» TASK TO CARRY OUT
Exclude all pictures, then write out exactly the lines below from the first one through the line with "电子行业资料包,月度新增39份(2020.4.4-5.2)".

DATA EXTRACT Block Start

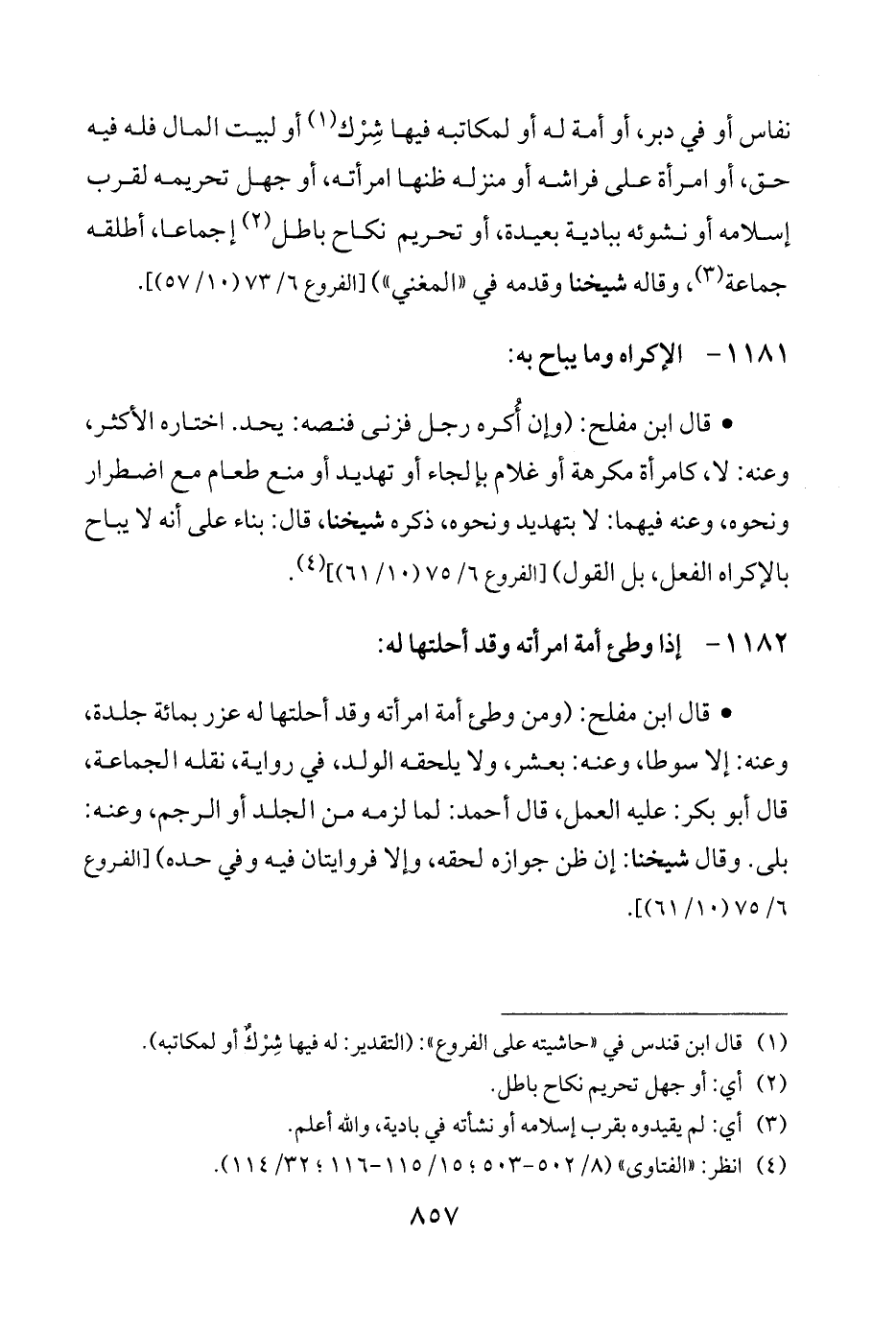 نفاس أو في دبر، أو أمة له أو لمكاتبه فيها شِرْك (¬1) أو لبيت المال فله فيه حق، أو امرأة على فراشه أو منزله ظنها امرأته، أو جهل تحريمه لقرب إسلامه أو نشوئه ببادية بعيدة، أو تحريم نكاح باطل (¬2) إجماعا، أطلقه جماعة (¬3)، وقاله شيخنا وقدمه في "المغني" [الفروع 6/ 73 (10/ 57)].
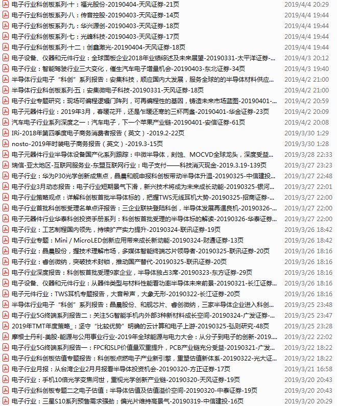 电子行业资料包,月度新增39份(2020.4.4-5.2)
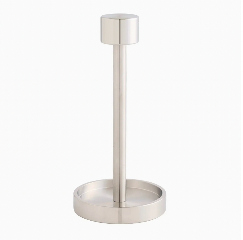 Effortless function meets elevated style. Sleek, polished, and beautifully practical, the Silver Cocktail Napkin Stand is designed to hold our signature cocktail napkin rolls with ease and elegance. The patented design ensures a smooth tear and serve experience while adding a refined touch to any table, bar cart, or countertop. A weighted base keeps it stable for one-handed use—perfect for busy hosts and stylish entertainers. The classic silver finish complements modern, minimalist, and timeless interiors, adding shine without stealing the spotlight.

DATA EXTRACT Block End

» WRITTEN ANSWER
 نفاس أو في دبر، أو أمة له أو لمكاتبه فيها شِرْك (¬1) أو لبيت المال فله فيه حق، أو امرأة على فراشه أو منزله ظنها امرأته، أو جهل تحريمه لقرب إسلامه أو نشوئه ببادية بعيدة، أو تحريم نكاح باطل (¬2) إجماعا، أطلقه جماعة (¬3)، وقاله شيخنا وقدمه في "المغني" [الفروع 6/ 73 (10/ 57)].
 电子行业资料包,月度新增39份(2020.4.4-5.2)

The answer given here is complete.